Thank you very much for your suggestions. 

I implemented some of them, and it seems it is possible (in my case) to estimate the exact transition time well enough so that it approaches the results of using the exact transition times. However, I still notice a bias (mostly in the shape parameters and intercepts) that seems to worsen with increasing sample size. Creating the data set with perfectly symmetrical transition hazards between all states did not solve the issue, which I believe means the problem does not lie with indirect paths. It could point towards me running the model incorrectly. 

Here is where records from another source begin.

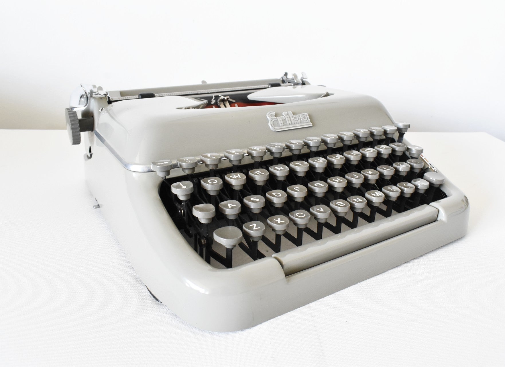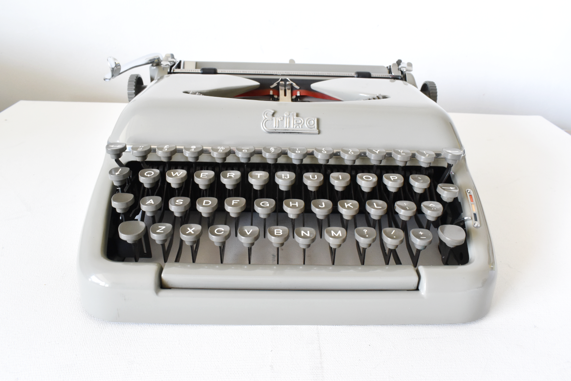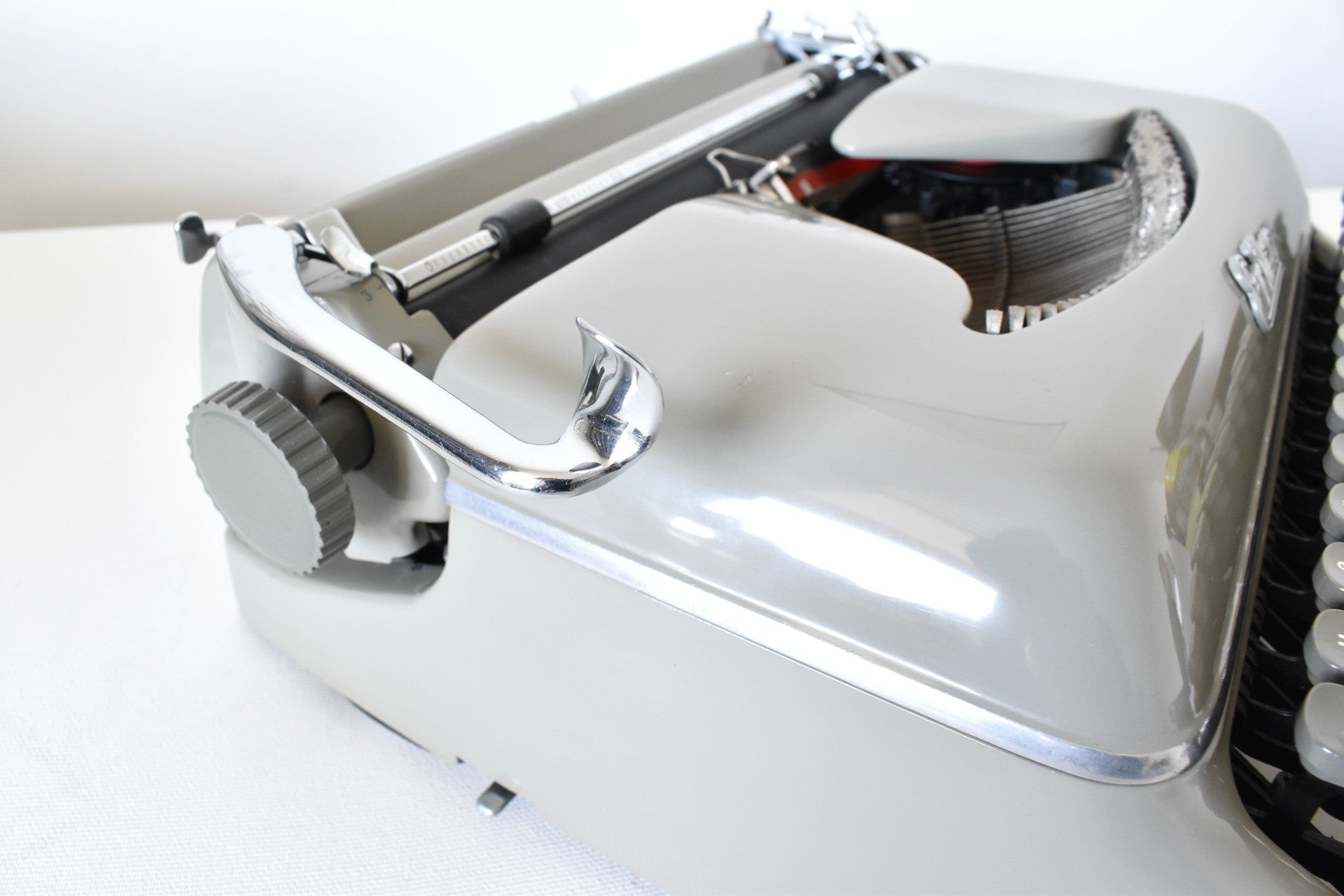 *COSMETICA: Deze typemachine verkeert in goede staat. Er zitten 3 kleine krasjes in de lak op verschillende plekken (het toetsenbord linksvoor en beide zijkanten waar de slede over de rails schuift). Deze kleine onvolkomenheden zijn te wijten aan normaal gebruik van de machine. Verder is de lak in uitstekende staat met een gladde, glanzende afwerking. De verchroomde metalen onderdelen zien er fantastisch uit. De machine is afgewerkt met een beschermende wax van museumkwaliteit om de lak te beschermen tegen oxidatie, vuil, krassen en vingerafdrukken.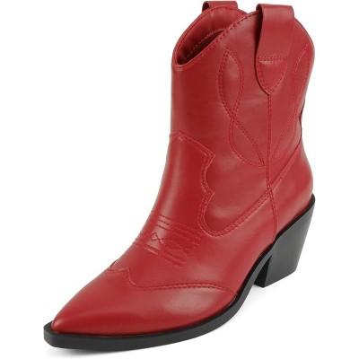 Soda “BLAZING” Women's Western Ankle Boots, Stitched, Pointed Toe, Low Heel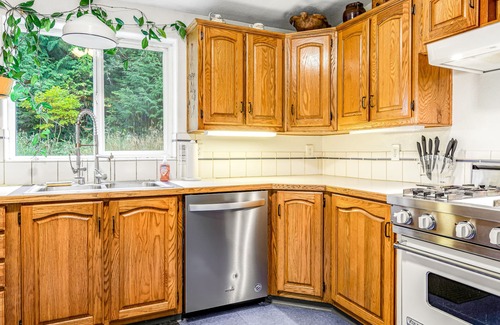 The inviting interior comes well-appointed for family-friendly comfort, with colorful decor and all the essentials of home. A fireplace and plush seating set the stage for cozy downtime in the living room, with a large collection of books and a TV hutch for casual entertainment. Find gourmet inspiration in the well-appointed full kitchen equipped with a deluxe suite of major appliances, including a Viking-brand gas range. Additional home essentials include central heating, free WiFi, and a private washer/dryer. This home captures the cultural spirit of Port Townsend, with colorful works by local artists.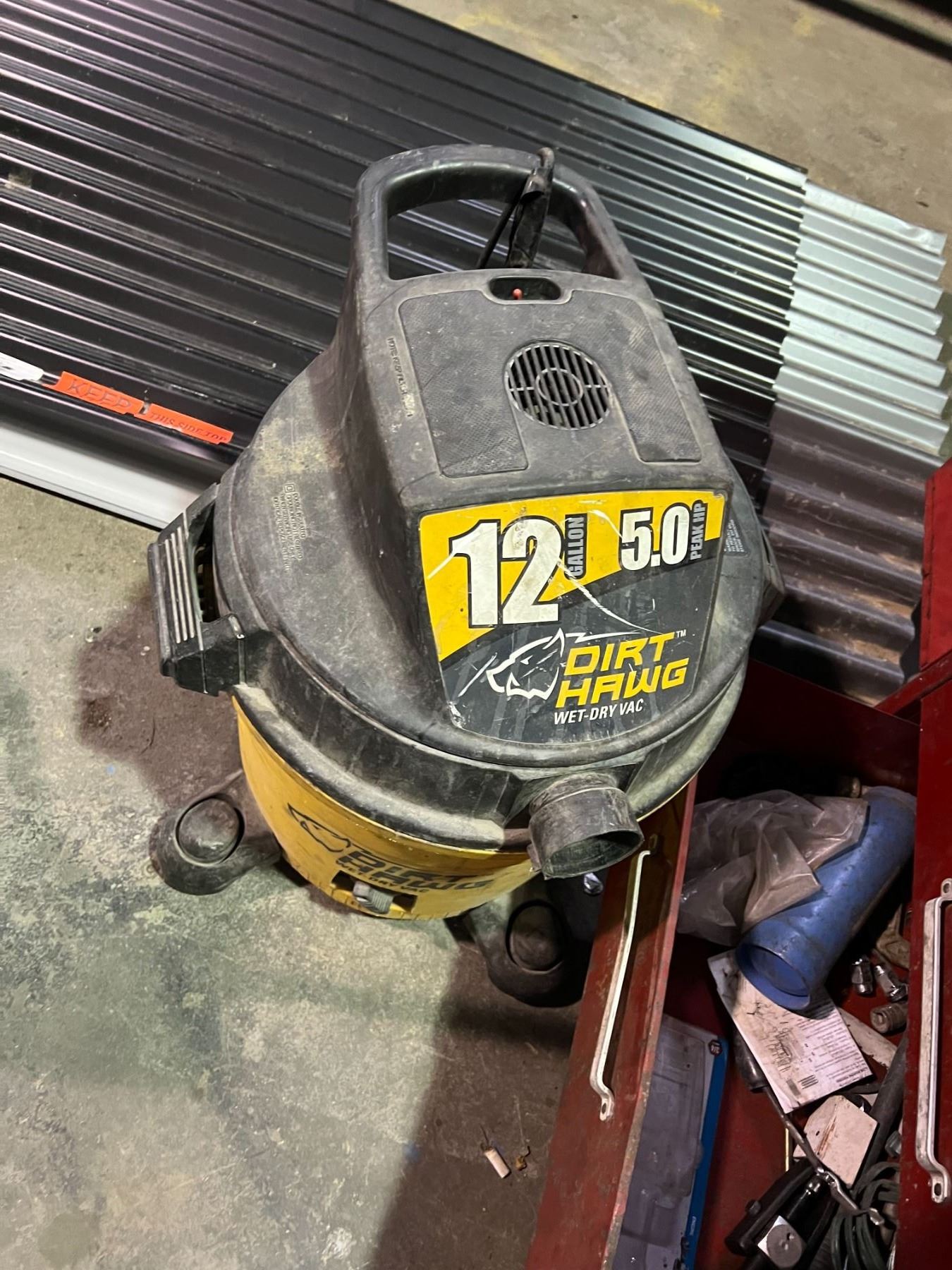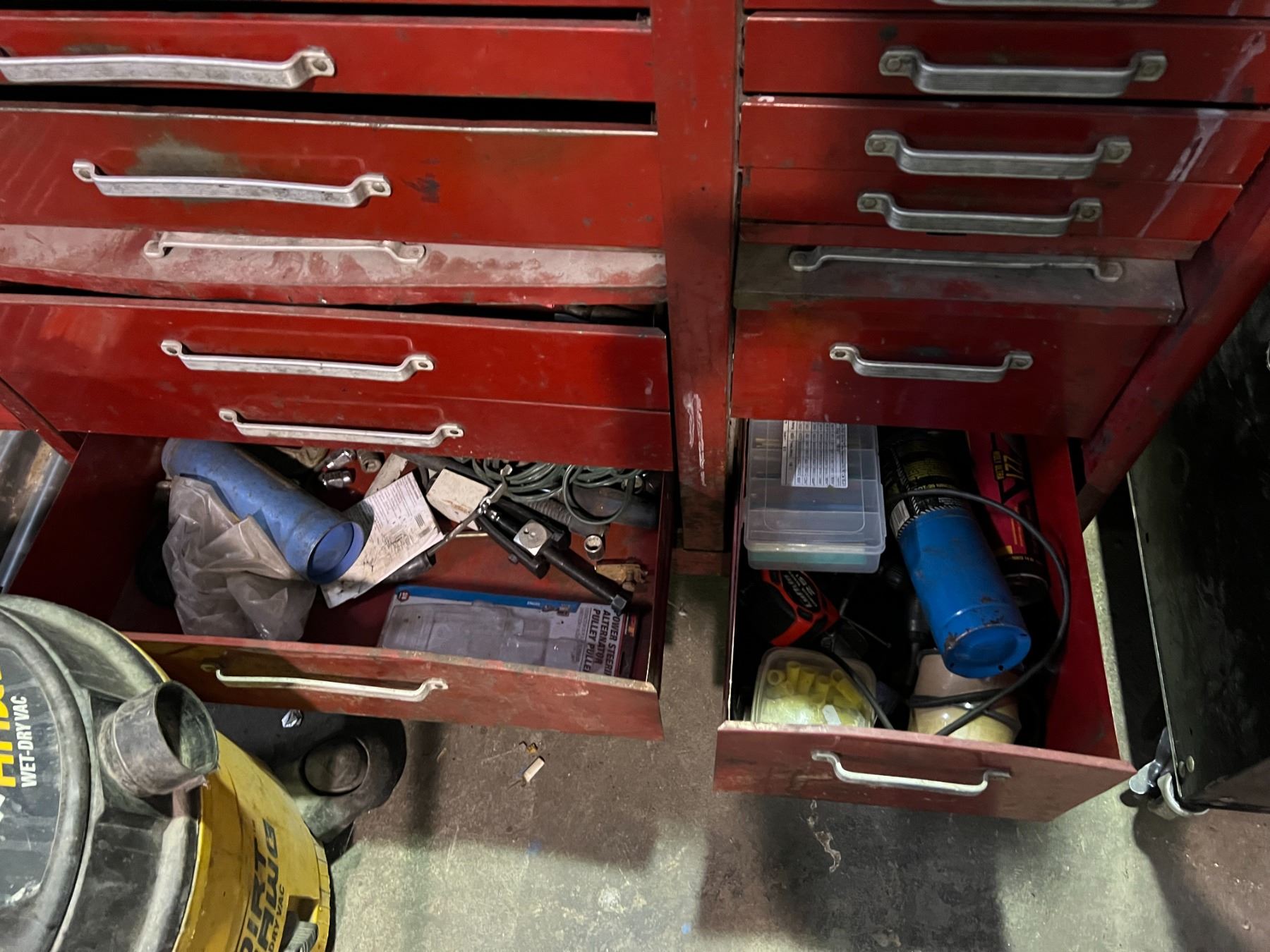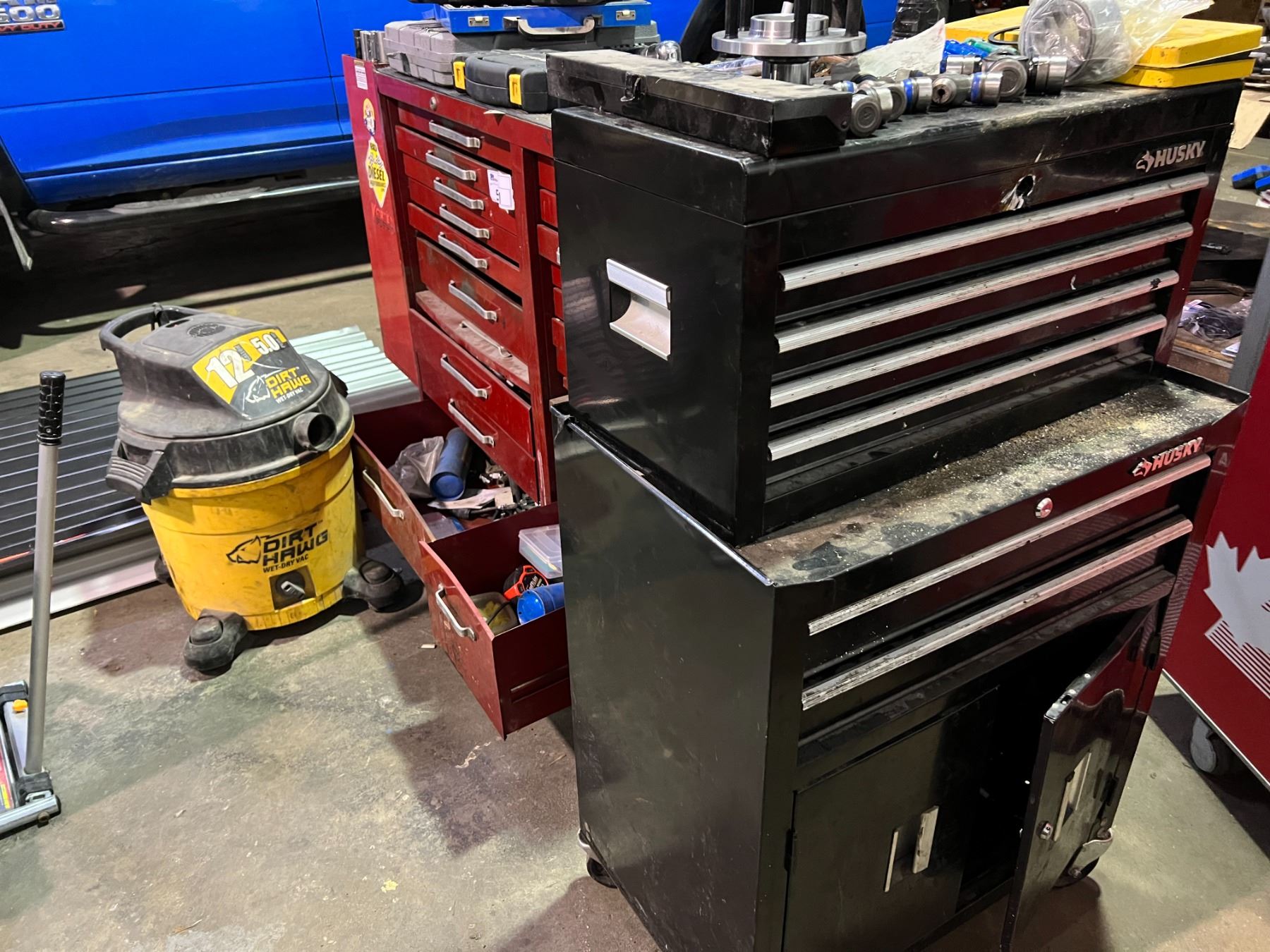 3 TOOL BOXES PLUS OTHER SMALL TOOL BOXES - CONTENTS INCLUDED (SOCKETS, DRILL BITS, TAPE MEASURE, TORCH. RUBBER HAMMER, FLASHLIGHT ETC AND 12GAL 5HP DIRT DAWG WET/DRY VAC

I am creating the survival objects as follows now (same as before, except the imputed times are used as truncation for the interval censored rows): 

Surv_obs.list <- list() 
for(i in seq_along(data_obs_list)) {     
# Initialize truncation   
data_obs_list[[i]]$truncation <- data_obs_list[[i]]$imputed_entry     

# Override for right-censored: use Tstart instead   
idx_censored <- data_obs_list[[i]]$status == 0   
data_obs_list[[i]]$truncation[idx_censored] <- data_obs_list[[i]]$Tstart[idx_censored]     
# Adjust time vector   
time_vec <- data_obs_list[[i]]$Tstart   
time_vec[idx_censored] <- data_obs_list[[i]]$Tstop[idx_censored]     

Surv_obs.list[[i]] <- inla.surv(     
time = time_vec,    
 time2 = data_obs_list[[i]]$Tstop,     
event = data_obs_list[[i]]$status,     
truncation = data_obs_list[[i]]$truncation 
) } 

With the imputed_entry the calculated or exact transition time. 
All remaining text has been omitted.